_Description of the task_
With the images removed, return every line below exactly as it reads.

_Supplied material_

-- Opening Marker --

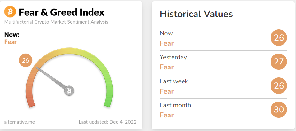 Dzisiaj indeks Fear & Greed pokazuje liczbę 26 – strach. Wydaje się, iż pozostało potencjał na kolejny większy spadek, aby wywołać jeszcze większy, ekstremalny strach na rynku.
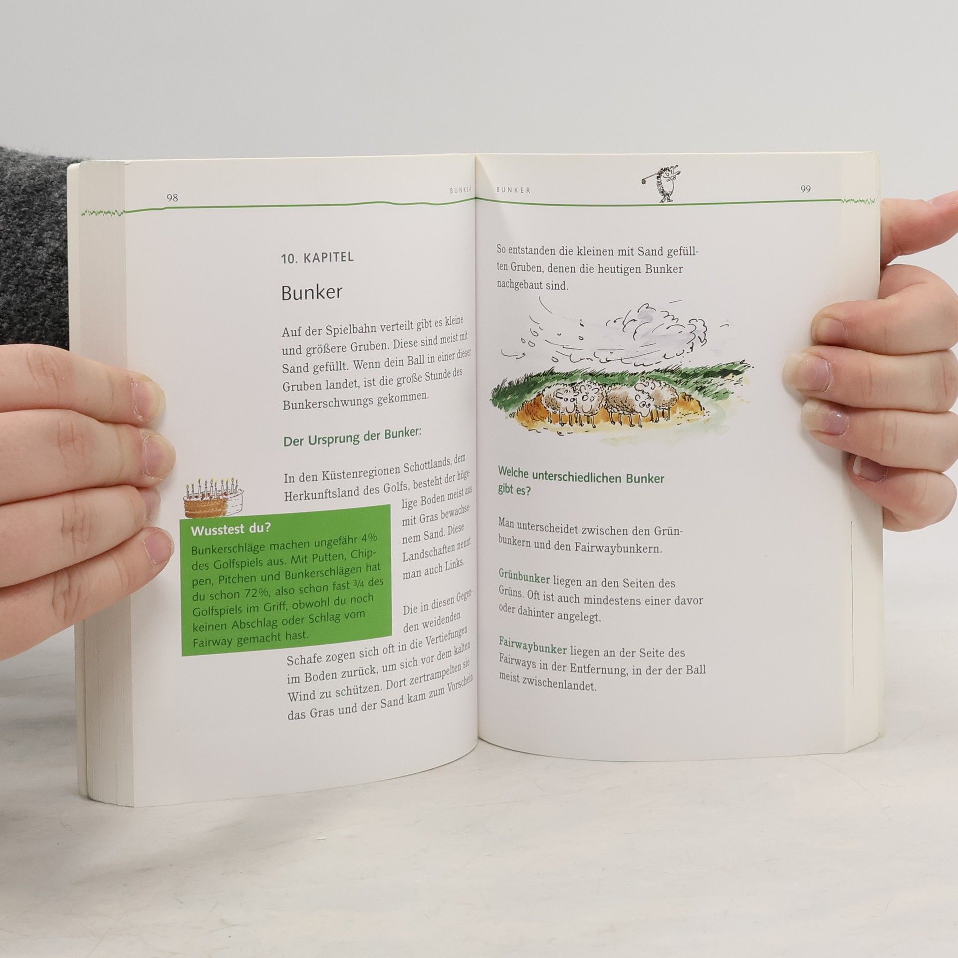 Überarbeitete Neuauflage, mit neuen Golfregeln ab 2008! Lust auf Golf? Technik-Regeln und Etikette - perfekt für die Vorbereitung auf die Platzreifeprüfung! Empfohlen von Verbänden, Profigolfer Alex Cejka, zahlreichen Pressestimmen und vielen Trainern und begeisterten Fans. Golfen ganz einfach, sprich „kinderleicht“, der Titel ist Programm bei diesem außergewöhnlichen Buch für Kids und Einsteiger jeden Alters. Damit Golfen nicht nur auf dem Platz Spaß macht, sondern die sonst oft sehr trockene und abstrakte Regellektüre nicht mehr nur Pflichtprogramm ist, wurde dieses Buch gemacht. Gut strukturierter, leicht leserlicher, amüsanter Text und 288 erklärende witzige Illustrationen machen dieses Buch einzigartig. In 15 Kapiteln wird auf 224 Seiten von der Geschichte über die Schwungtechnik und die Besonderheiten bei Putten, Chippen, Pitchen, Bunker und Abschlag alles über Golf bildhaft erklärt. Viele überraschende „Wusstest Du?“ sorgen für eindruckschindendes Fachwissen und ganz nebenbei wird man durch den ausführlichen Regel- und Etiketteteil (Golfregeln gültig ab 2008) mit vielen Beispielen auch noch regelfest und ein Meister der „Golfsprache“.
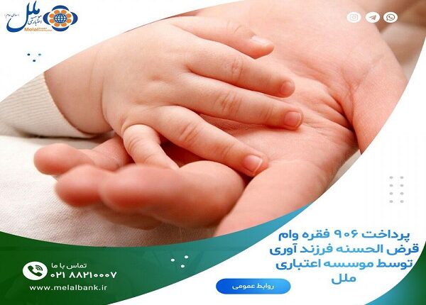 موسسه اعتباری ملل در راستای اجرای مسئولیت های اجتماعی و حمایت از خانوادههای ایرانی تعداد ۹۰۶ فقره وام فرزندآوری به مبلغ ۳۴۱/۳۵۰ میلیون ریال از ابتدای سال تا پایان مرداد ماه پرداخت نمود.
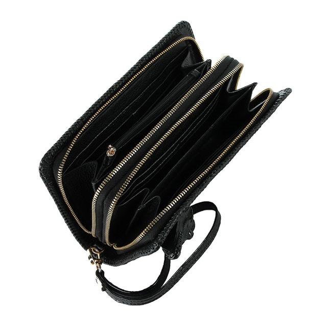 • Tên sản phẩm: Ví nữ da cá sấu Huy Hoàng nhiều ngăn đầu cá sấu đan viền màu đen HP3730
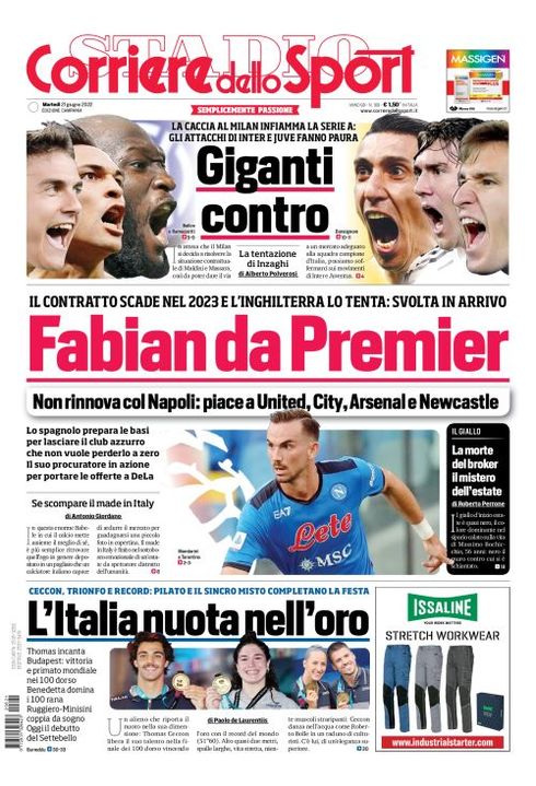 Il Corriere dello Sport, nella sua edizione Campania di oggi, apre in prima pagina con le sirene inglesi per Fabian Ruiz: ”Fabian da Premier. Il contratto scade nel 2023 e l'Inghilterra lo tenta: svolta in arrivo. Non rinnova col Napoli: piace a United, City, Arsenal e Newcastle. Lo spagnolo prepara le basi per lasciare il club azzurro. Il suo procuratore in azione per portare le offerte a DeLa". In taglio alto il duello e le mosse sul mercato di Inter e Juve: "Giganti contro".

-- Closing Marker --

_Written solution_
 Dzisiaj indeks Fear & Greed pokazuje liczbę 26 – strach. Wydaje się, iż pozostało potencjał na kolejny większy spadek, aby wywołać jeszcze większy, ekstremalny strach na rynku.
 Überarbeitete Neuauflage, mit neuen Golfregeln ab 2008! Lust auf Golf? Technik-Regeln und Etikette - perfekt für die Vorbereitung auf die Platzreifeprüfung! Empfohlen von Verbänden, Profigolfer Alex Cejka, zahlreichen Pressestimmen und vielen Trainern und begeisterten Fans. Golfen ganz einfach, sprich „kinderleicht“, der Titel ist Programm bei diesem außergewöhnlichen Buch für Kids und Einsteiger jeden Alters. Damit Golfen nicht nur auf dem Platz Spaß macht, sondern die sonst oft sehr trockene und abstrakte Regellektüre nicht mehr nur Pflichtprogramm ist, wurde dieses Buch gemacht. Gut strukturierter, leicht leserlicher, amüsanter Text und 288 erklärende witzige Illustrationen machen dieses Buch einzigartig. In 15 Kapiteln wird auf 224 Seiten von der Geschichte über die Schwungtechnik und die Besonderheiten bei Putten, Chippen, Pitchen, Bunker und Abschlag alles über Golf bildhaft erklärt. Viele überraschende „Wusstest Du?“ sorgen für eindruckschindendes Fachwissen und ganz nebenbei wird man durch den ausführlichen Regel- und Etiketteteil (Golfregeln gültig ab 2008) mit vielen Beispielen auch noch regelfest und ein Meister der „Golfsprache“.
 موسسه اعتباری ملل در راستای اجرای مسئولیت های اجتماعی و حمایت از خانوادههای ایرانی تعداد ۹۰۶ فقره وام فرزندآوری به مبلغ ۳۴۱/۳۵۰ میلیون ریال از ابتدای سال تا پایان مرداد ماه پرداخت نمود.
 • Tên sản phẩm: Ví nữ da cá sấu Huy Hoàng nhiều ngăn đầu cá sấu đan viền màu đen HP3730
 Il Corriere dello Sport, nella sua edizione Campania di oggi, apre in prima pagina con le sirene inglesi per Fabian Ruiz: ”Fabian da Premier. Il contratto scade nel 2023 e l'Inghilterra lo tenta: svolta in arrivo. Non rinnova col Napoli: piace a United, City, Arsenal e Newcastle. Lo spagnolo prepara le basi per lasciare il club azzurro. Il suo procuratore in azione per portare le offerte a DeLa". In taglio alto il duello e le mosse sul mercato di Inter e Juve: "Giganti contro".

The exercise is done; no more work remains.